00:22:51.840 Due to the storm, several critical pieces of airport equipment were rendered inoperative or destroyed, including wind measuring devices. This meant air traffic control was unable to provide the pilots with accurate weather data. To make matters worse, with various unusable runways, all planes were redirected to land on 24L, the shortest available runway, which had flooded conditions. Despite discussing possible diversions to cities like Niagara Falls, Ottawa, or Cleveland, the crew ultimately chose to attempt landing in the worsening weather since they believed conditions had previously been viable.
00:23:30.560 Despite taking on extra fuel prior to departure to mitigate the chance of a diversion, they mentally committed to their landing plan and lost flexibility as conditions deteriorated. Upon attempting to land on runway 24L, they required around 8,780 feet to stop safely, but they landed 3,800 feet down the runway. Compounding this situation, they delayed in deploying thrust reversers due to high workload, failing to slow down adequately. Consequently, they overran the runway and found themselves in a ravine, just short of the extremely busy Highway 401 during rush hour.

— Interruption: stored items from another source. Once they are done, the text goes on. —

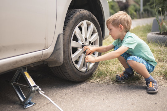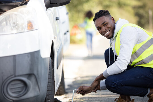 Car wheel low air pressure. Auto repair tires. Car with punctured car tire on a road. Focus on a wheel. Forced emergency stop on the side of roadside, burst tire, insured event.
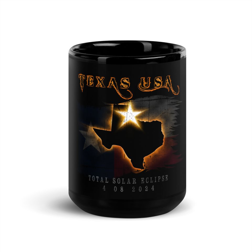Texas Solar Eclipse 2024 Black Glossy Mug
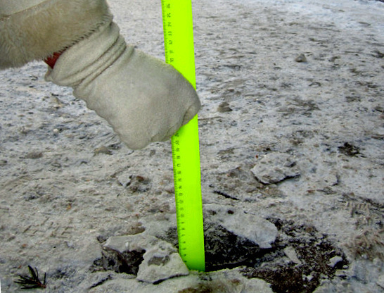 В качестве примера она привела ситуацию, сложившуюся непосредственно у здания администрации Волгограда. Здесь экологи измерили толщину льда на тротуаре. Она превысила 5 см.
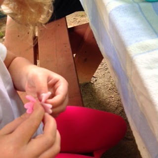 I think she is running out of room! We had a fun time making these hairclips. I love that Trinity is always ready to take on a new craft. We also did some stitching together. I had her draw a picture and then showed her how to make it into her own stitching pattern. It came out awesome.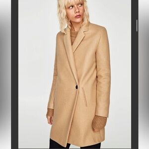 Zara Cotton Blend Double Breasted Soft Camel Trench Coat Tan Plush Single Button PeaCoat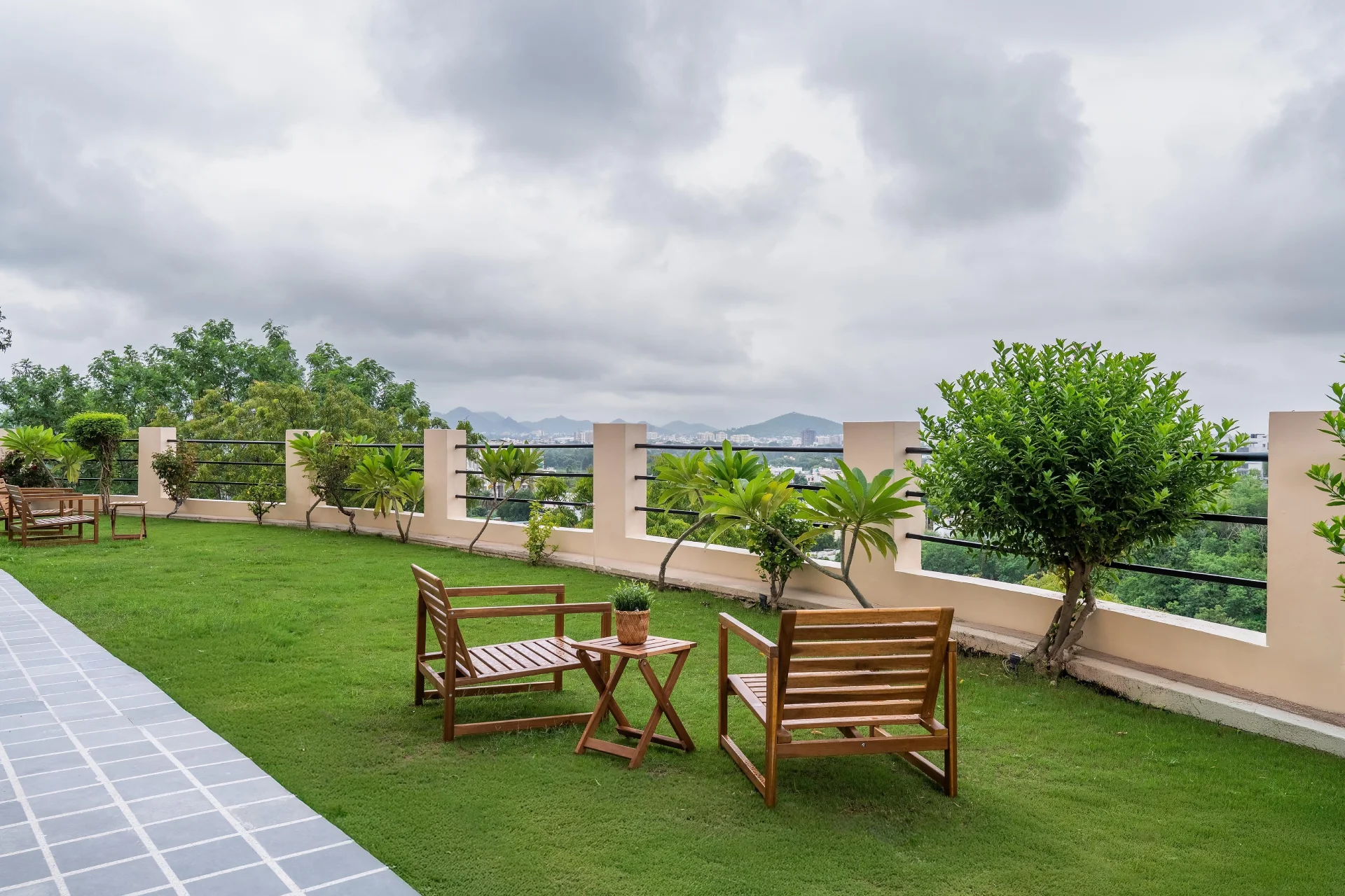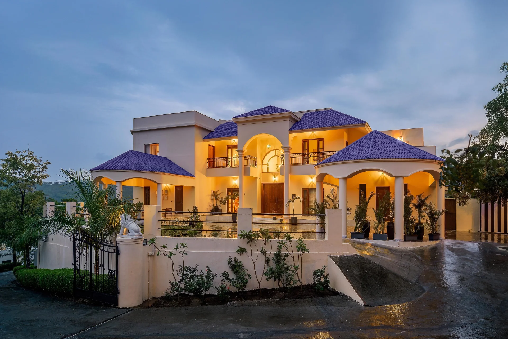 5 BHK Hilltop Villa In Udaipur This villa is ideal for tourists and travelers. It offers a variety of amenities that ensure your comfort. These amenities consist of: a view, a balcony/terrace, a fireplace, and several others.
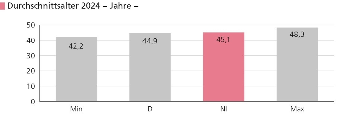 Das Durchschnittsalter betrug 2024: 45,1 Jahre. Die Niedersachsen waren dabei im Schnitt etwas älter als die Bevölkerung im restlichen Bundesgebiet (44,9 Jahre).

00:24:05.120 Even though the plane was still on airport property and fire crews arrived within 52 seconds, it ultimately took four hours to control the ensuing fire. Remarkably, of the 309 individuals on board, all survived. Only 33 required hospitalization, and of those, 21 were treated and released. Despite facing catastrophic conditions, the crew's training and decisive actions resulted in a successful evacuation.
00:25:52.160 According to the Transportation Safety Board, the successful evacuation was due to exemplary and professional performance from the cabin crew. They utilized astute risk analyses and directed passengers toward suitable emergency exits while maintaining robust communication. Furthermore, the crew ensured that the required minimum number of flight attendants was present, allowing them to provide adequate coverage during the crisis. Ultimately, the evacuation took less than two minutes, with the last person to leave being one of the pilots, who confirmed that the cabin was empty.
00:27:02.080 The survival of 309 people in Canada in 2005 is attributable to lessons learned from events like the British Air Tours incident in 1985. Throughout the world, accident investigators relentlessly pursue the truth, document it, and share findings. These investigations don't merely stop at individual pilot error; they delve into how specific circumstances could lead qualified individuals to make poor choices and strive to alter systemic factors moving forward, optimizing the environments for superior performance. Again, this is not a talk about airplane crashes. Thank you for your time.